Does using a trojan count as hacking? I can't keep up with things these days.
Still the part where the 'hacker' downloads an executable file, and runs it...that's weak sauce. One, it tells us he's probably running Windows. Two, it shows he is an idiot: what 'hacker' blindly runs an executable file, even one given to him by 'friends'?
See, if the 'authorities' had managed to capture an image of him by pulling apart a botnet client, tracing the originating command server through several wayward paths, spelunking their way up the internet one router at a time until they found the source of the packets containing a fraudulant origin IP address, then exploited a weakness on a service running on a common port that wasn't patched / no one knew about, then turned on his webcam to grab a photo or two of him while quietly copying evidence off his machine, I'd be inclined to say "GG" and award some finger-snaps for one-upping someone on their own battlefield.

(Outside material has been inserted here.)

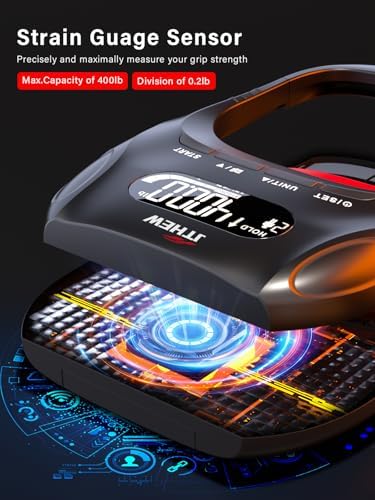 - [Precision Measurement & Scientific Training]The grip strength tester is equipped with a high-precision strain gauge sensor to accurately measure your grip strength up to 400lb. The grip trainer, based on your test results and needs, provides adjustable resistance training, ranging freely from 11 to 132 pounds, ensuring your training is both scientific and effective

But using social engineering on someone running a common operating system, someone without the common sense inherent in a level one helldesk operator (do not run unknown executables)...I mean, he doesn't even fire up a VM and lock it off the internet before running the thing? Does anyone actually think this guy was anything more than, at best, a script kiddy, and at worst, a pawn?
If this is the best news that they can put out these days regarding their capture of 'cyber-criminals,' there either aren't any, or they're getting schooled.
Here's a hint for understanding power in the virtual realm -> if you need to work with others to achieve something, or need to get a judge to sign off on something, you're doing it wrong. If you need to call up a Bell to run a data tap to find the equivalent of the opportunistic thief robbing a 7-11...then you don't know enough about technology to 'fight' effectively.
I am John Hurt.
I would think that at some point we are going to see intelligence agencies start to send hit teams to kill hackers. It has probably already happened but we haven't seen headlines for it.
Russia shot down a Georgian drone.
Georgia shelled the Russian peacekeeper force barracks, killing several dozen people. And that was a detour - primarily, they were indiscriminately shelling residential blocks of Tskhinval.
Those are totally two comparable "provocations".
One: what difference does it make if he runs Windows or not? Would he be more eligible to be a hacker if he was running AmigaOS or BeOS or what are you trying to say?
Two: The article did not say anything about running a executable file. It said he had downloaded a zip file called ""Georgian-Nato Agreement.", not that the zip contained exe's. There are other files than just executables that can contain malicious code, for example the guy himself is supposed to have used XDP files.
"Tskhinval or Ch'reba; Russian: ()), is the capital of South Ossetia, a disputed region which has been recognised as an independent Republic by Russia and another four UN members, and is regarded by Georgia and all other UN member states de jure as a region within Georgian sovereign territory."
http://en.wikipedia.org/wiki/Tskhinvali
Perhaps you should shell a barracks when a foreign power builds one in one of your cities. At least according to the 189 of the 193 members of the UN who agree that Ossetia is part of Georgia. I'm pretty sure if Mexico built a barracks in San Antonio Texas, if they didn't leave, we'd shell it too.